De Ninno Adele, Bertani Francesca Romana, Gerardino Annamaria, Schiavoni Giovanna, Musella Martina, Galassi Claudia, Mattei Fabrizio, Sistigu Antonella, Businaro Luca
CNR Institute for Photonics and Nanotechnology;
CNR Institute for Photonics and Nanotechnology.
J Vis Exp. 2021 Apr 30(170). doi: 10.3791/61895.

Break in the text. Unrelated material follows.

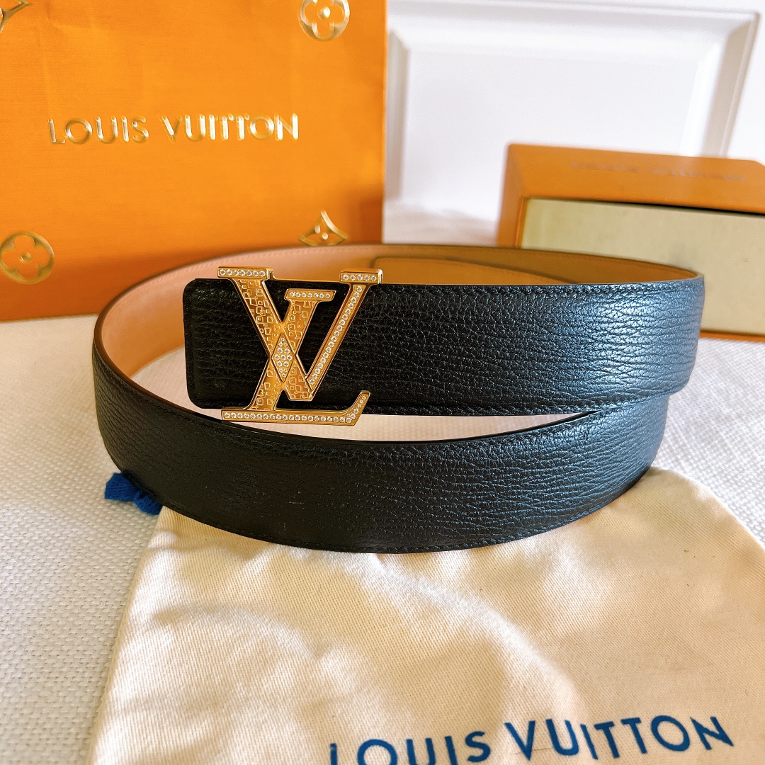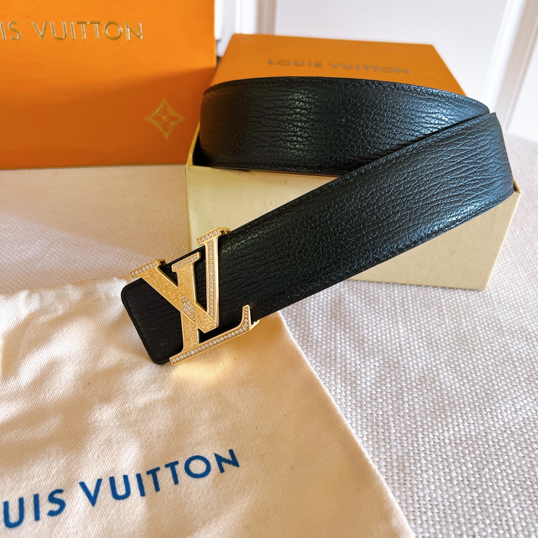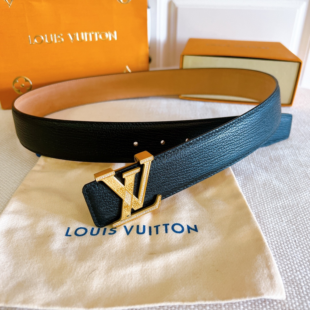 LV Initiales 40mm new hollow steel diamond buckle with shark pattern counter belt interprets two classics in a double-sided style: Monogram shows the essence of Louis Vuitton’s beauty, and calfskin interprets low-key elegance. An LV monogram buckle completes this versatile design. D

Complex disease models demand cutting-edge tools able to deliver physiologically and pathologically relevant, actionable insights, and unveil otherwise invisible processes. Advanced cell assays closely mimicking in vivo scenery are establishing themselves as novel ways to visualize and measure the bidirectional tumor-host interplay influencing the progression of cancer. Here we describe two versatile protocols to recreate highly controllable 2D and 3D co-cultures in microdevices, mimicking the complexity of the tumor microenvironment (TME), under natural and therapy-induced immunosurveillance. In section 1, an experimental setting is provided to monitor crosstalk between adherent tumor cells and floating immune populations, by bright field time-lapse microscopy. As an applicative scenario, we analyze the effects of anti-cancer treatments, such as the so-called immunogenic cancer cell death inducers on the recruitment and activation of immune cells. In section 2, 3D tumor-immune microenvironments are assembled in a competitive layout. Differential immune infiltration is monitored by fluorescence snapshots up to 72 h, to evaluate combination therapeutic strategies. In both settings, image processing steps are illustrated to extract a plethora of immune cell parameters (e.g., immune cell migration and interaction, response to therapeutic agents). These simple and powerful methods can be further tailored to simulate the complexity of the TME encompassing the heterogeneity and plasticity of cancer, stromal and immune cells subtypes, as well as their reciprocal interactions as drivers of cancer evolution. The compliance of these rapidly evolving technologies with live-cell high-content imaging can lead to the generation of large informative datasets, bringing forth new challenges. Indeed, the triangle ''co-cultures/microscopy/advanced data analysis" sets the path towards a precise problem parametrization that may assist tailor-made therapeutic protocols. We expect that future integration of cancer-immune on-a-chip with artificial intelligence for high-throughput processing will synergize a large step forward in leveraging the capabilities as predictive and preclinical tools for precision and personalized oncology.
复杂疾病模型需要前沿工具,这些工具能够提供与生理和病理相关的、可采取行动的见解,并揭示其他不可见的过程。先进的细胞分析方法能够紧密模拟体内环境,正逐渐成为可视化和测量影响癌症进展的双向肿瘤-宿主相互作用的新方法。在这里,我们描述了两种通用方案,用于在微器件中创建高度可控的二维和三维共培养体系,模拟肿瘤微环境(TME)的复杂性,包括自然和治疗诱导的免疫监视。在第1节中,提供了一种实验设置,通过明场延时显微镜监测贴壁肿瘤细胞与悬浮免疫细胞群体之间的相互作用。作为一个应用场景,我们分析了抗癌治疗的效果,例如所谓的免疫原性癌细胞死亡诱导剂对免疫细胞募集和激活的影响。在第2节中,以竞争布局组装三维肿瘤-免疫微环境。通过长达72小时的荧光快照监测差异免疫浸润,以评估联合治疗策略。在这两种设置中,都说明了图像处理步骤,以提取大量免疫细胞参数(例如,免疫细胞迁移和相互作用、对治疗剂的反应)。这些简单而强大的方法可以进一步定制,以模拟TME的复杂性,包括癌症、基质和免疫细胞亚型的异质性和可塑性,以及它们作为癌症进化驱动因素的相互作用。这些快速发展的技术与活细胞高内涵成像的兼容性可能会产生大量信息丰富的数据集,带来新的挑战。事实上,“共培养/显微镜/高级数据分析”三角为精确的问题参数化设定了路径,这可能有助于制定量身定制的治疗方案。我们预计,未来将癌症免疫芯片与人工智能进行高通量处理的整合,将在利用其作为精准和个性化肿瘤学的预测和临床前工具的能力方面向前迈出一大步。